TASK ITEM =>
All that is needed is each line of the entries holding the word "elegante", copied as it stands.

DATASET =>
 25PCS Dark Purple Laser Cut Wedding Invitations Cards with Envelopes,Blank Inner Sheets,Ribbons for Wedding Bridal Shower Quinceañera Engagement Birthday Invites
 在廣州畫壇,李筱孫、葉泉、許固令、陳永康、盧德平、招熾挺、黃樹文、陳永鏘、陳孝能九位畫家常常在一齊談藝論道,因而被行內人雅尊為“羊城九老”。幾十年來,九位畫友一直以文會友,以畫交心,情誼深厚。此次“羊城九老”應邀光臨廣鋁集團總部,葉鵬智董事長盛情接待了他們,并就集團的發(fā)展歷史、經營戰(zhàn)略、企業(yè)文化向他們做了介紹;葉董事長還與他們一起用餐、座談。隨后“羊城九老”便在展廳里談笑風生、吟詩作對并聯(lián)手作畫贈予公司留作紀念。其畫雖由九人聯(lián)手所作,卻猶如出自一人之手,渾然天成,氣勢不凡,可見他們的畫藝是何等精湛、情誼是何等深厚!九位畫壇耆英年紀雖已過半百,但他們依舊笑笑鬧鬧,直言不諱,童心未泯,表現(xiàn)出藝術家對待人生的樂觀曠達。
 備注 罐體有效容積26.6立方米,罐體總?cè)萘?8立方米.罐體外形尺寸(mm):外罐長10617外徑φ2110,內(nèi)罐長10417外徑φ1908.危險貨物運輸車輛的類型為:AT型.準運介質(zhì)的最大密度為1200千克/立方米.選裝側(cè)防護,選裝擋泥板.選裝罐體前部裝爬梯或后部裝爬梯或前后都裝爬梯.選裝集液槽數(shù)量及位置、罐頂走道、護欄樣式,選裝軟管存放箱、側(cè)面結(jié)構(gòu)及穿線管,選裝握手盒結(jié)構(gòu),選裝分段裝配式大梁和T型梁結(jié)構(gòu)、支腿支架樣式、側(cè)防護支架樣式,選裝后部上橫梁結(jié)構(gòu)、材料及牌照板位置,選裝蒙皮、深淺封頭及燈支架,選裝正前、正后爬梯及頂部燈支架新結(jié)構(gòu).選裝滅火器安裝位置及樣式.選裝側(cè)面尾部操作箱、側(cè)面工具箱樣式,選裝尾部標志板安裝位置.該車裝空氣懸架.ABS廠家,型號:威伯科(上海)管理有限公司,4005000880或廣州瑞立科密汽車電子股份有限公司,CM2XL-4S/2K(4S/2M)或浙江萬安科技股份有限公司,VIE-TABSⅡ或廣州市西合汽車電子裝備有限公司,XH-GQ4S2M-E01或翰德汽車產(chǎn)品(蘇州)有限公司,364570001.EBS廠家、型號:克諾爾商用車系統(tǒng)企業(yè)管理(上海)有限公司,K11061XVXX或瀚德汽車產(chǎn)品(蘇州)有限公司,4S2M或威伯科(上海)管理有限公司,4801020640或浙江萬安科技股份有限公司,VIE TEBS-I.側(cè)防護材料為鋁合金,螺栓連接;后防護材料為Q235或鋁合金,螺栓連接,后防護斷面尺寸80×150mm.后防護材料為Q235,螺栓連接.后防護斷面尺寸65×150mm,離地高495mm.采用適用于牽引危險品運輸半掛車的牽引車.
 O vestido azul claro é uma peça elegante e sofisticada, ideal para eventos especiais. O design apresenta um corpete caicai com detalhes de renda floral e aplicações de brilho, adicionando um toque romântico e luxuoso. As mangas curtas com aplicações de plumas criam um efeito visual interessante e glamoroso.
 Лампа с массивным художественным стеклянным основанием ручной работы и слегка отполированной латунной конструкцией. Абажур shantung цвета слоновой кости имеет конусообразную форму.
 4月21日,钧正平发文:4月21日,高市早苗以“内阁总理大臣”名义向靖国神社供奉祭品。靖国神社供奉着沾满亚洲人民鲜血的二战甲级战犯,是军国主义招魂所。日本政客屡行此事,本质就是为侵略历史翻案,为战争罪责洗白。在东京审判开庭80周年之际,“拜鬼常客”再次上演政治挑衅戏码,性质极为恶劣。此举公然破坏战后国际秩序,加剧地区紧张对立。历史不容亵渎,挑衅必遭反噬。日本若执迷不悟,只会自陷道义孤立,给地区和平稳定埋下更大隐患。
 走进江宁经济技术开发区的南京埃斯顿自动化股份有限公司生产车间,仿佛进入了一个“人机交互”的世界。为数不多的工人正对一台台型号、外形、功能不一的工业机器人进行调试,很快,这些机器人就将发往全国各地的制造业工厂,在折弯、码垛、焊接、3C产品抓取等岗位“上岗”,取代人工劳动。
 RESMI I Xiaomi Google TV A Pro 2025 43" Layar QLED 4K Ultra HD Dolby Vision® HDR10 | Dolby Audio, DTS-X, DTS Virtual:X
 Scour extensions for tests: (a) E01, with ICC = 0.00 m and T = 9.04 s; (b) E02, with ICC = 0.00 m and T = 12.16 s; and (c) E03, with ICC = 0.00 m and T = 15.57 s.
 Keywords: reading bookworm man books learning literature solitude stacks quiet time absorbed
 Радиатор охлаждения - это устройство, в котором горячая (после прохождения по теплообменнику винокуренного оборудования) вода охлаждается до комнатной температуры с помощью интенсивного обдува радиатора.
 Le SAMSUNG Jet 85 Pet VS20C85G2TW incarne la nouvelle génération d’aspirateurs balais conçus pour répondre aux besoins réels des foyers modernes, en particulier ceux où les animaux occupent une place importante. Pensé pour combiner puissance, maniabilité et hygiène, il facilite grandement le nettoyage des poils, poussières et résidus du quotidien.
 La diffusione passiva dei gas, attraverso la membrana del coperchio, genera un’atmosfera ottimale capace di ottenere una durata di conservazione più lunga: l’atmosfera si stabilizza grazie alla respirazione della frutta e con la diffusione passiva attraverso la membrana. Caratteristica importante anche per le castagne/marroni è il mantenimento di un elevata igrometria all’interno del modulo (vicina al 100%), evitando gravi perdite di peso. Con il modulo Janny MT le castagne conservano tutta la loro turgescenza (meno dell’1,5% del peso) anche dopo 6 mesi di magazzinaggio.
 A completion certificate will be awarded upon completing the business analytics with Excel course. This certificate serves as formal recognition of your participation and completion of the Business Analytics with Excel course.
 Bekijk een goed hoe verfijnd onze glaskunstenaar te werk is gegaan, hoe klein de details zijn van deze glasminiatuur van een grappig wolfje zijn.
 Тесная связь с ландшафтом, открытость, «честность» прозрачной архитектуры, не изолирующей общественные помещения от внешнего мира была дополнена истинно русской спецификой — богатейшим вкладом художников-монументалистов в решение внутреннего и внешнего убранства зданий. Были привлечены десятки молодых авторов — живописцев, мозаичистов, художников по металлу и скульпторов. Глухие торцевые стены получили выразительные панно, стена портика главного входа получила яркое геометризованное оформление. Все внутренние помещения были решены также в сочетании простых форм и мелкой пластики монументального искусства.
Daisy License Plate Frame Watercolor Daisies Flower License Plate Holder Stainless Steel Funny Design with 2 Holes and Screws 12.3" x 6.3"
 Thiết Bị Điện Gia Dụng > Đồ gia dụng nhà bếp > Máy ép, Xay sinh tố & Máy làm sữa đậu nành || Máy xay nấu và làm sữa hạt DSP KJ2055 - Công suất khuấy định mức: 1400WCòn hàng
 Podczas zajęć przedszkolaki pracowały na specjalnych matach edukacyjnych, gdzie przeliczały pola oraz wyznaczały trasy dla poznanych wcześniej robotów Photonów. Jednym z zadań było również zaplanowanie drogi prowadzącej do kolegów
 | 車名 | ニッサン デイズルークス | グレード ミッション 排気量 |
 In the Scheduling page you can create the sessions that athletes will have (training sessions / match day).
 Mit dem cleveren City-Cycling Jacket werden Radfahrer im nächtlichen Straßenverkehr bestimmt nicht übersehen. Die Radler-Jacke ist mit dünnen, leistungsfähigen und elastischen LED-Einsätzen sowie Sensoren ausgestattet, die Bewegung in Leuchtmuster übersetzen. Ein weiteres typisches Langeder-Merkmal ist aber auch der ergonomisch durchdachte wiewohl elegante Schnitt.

PROBLEM SOLUTION =>
 O vestido azul claro é uma peça elegante e sofisticada, ideal para eventos especiais. O design apresenta um corpete caicai com detalhes de renda floral e aplicações de brilho, adicionando um toque romântico e luxuoso. As mangas curtas com aplicações de plumas criam um efeito visual interessante e glamoroso.
 Mit dem cleveren City-Cycling Jacket werden Radfahrer im nächtlichen Straßenverkehr bestimmt nicht übersehen. Die Radler-Jacke ist mit dünnen, leistungsfähigen und elastischen LED-Einsätzen sowie Sensoren ausgestattet, die Bewegung in Leuchtmuster übersetzen. Ein weiteres typisches Langeder-Merkmal ist aber auch der ergonomisch durchdachte wiewohl elegante Schnitt.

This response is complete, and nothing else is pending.